PROBLEM TO WORK ON: Only the lines from the one containing "Yves Saint Laurent" through the last line of the material should be copied, exactly as written and without pictures.

SOURCE DATA:
--------
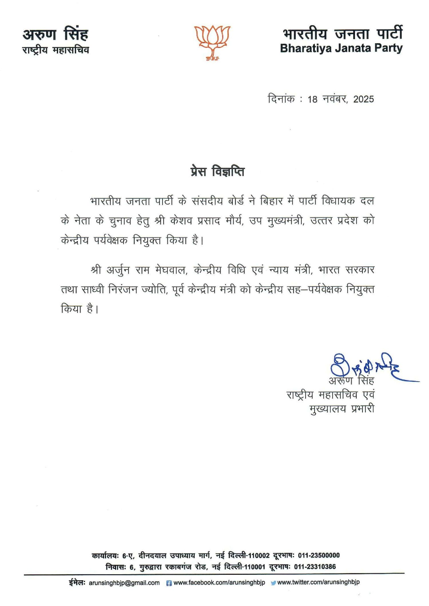 नई दिल्ली: भारतीय जनता पार्टी के संसदीय बोर्ड ने आज मंगलवार को बिहार पार्टी विधायक दल के नेता चुन ने के लिए उत्तर प्रदेश के उप -मुख्यमंत्री केशव प्रसाद मौर्य को केंद्रीय पर्यवेक्षक नियुक्त किया है। और अर्जुन राम मेघवाल , केंद्रीय विधि एवं न्याय मंत्री , भारत सरकार व साध्वी निरंजन ज्योति , पूर्व केंद्रीय मंत्री को केंद्रीय सह -पर्यवेक्षक नियुक्त किया गया है।
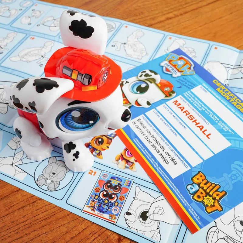 Crie seu próprio Robô da Patrulha Canina! Com muita diversão trazemos a patrulha canina! Brinque com o Marshall um dos principais personagens do desenho. Junte as peças e cole os adesivos para construir o robô Marshall.O cachorro vem desmontado em cerca de 20 peças plásticas e com eletrônica, sendo parte da importante da brincadeira montar o seu amigo robô. Adicione 2 pilhas AA (não incluídas) e interaja com o robô.Quando montado, ele obedece movimentos acionados por palmas ou por toques no rabinho, falando frases icônicas de seu personagem e pulando!Para acionar seu Build a Bot bata palmas ou de toques no rabinho dele e veja ele se movimentando sozinho e falando frases da série Patrulha Canina! Agora você e seu Build a Bot estão prontos para salvar o dia!O brinquedo também é customizavel, vindo com uma cartela de adesivos para a criança decorar como quiser.Peças:
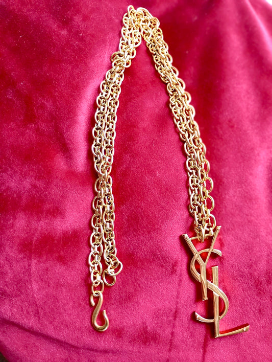 Yves Saint Laurent Authentic Vintage Pendant Bag Charm Steel Necklace Belt
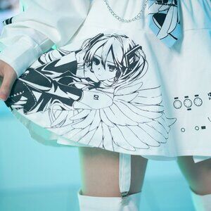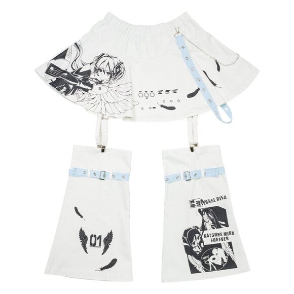 Bring iconic Vocaloid vibes with the Hatsune Miku Forever White Blue Skirt with Leg Warmer from ACDC Rag. This statement anime-inspired streetwear set features a full graphic print on pastel white-and-blue skirt with adjustable elastic waistband, matching detachable leg warmer adorned with metal chain and multiple strap detail for that extra pop of kawaii energy. Straight from the colorful streets of Harajuku, Japan, this set is perfect for festival fits, cosplay-ready looks, and everyday anime street style. If it sings to your style, don’t wait — grab it before it disappears. #HarajukuLove
--------
EXPECTED ANSWER:
 Yves Saint Laurent Authentic Vintage Pendant Bag Charm Steel Necklace Belt
 Bring iconic Vocaloid vibes with the Hatsune Miku Forever White Blue Skirt with Leg Warmer from ACDC Rag. This statement anime-inspired streetwear set features a full graphic print on pastel white-and-blue skirt with adjustable elastic waistband, matching detachable leg warmer adorned with metal chain and multiple strap detail for that extra pop of kawaii energy. Straight from the colorful streets of Harajuku, Japan, this set is perfect for festival fits, cosplay-ready looks, and everyday anime street style. If it sings to your style, don’t wait — grab it before it disappears. #HarajukuLove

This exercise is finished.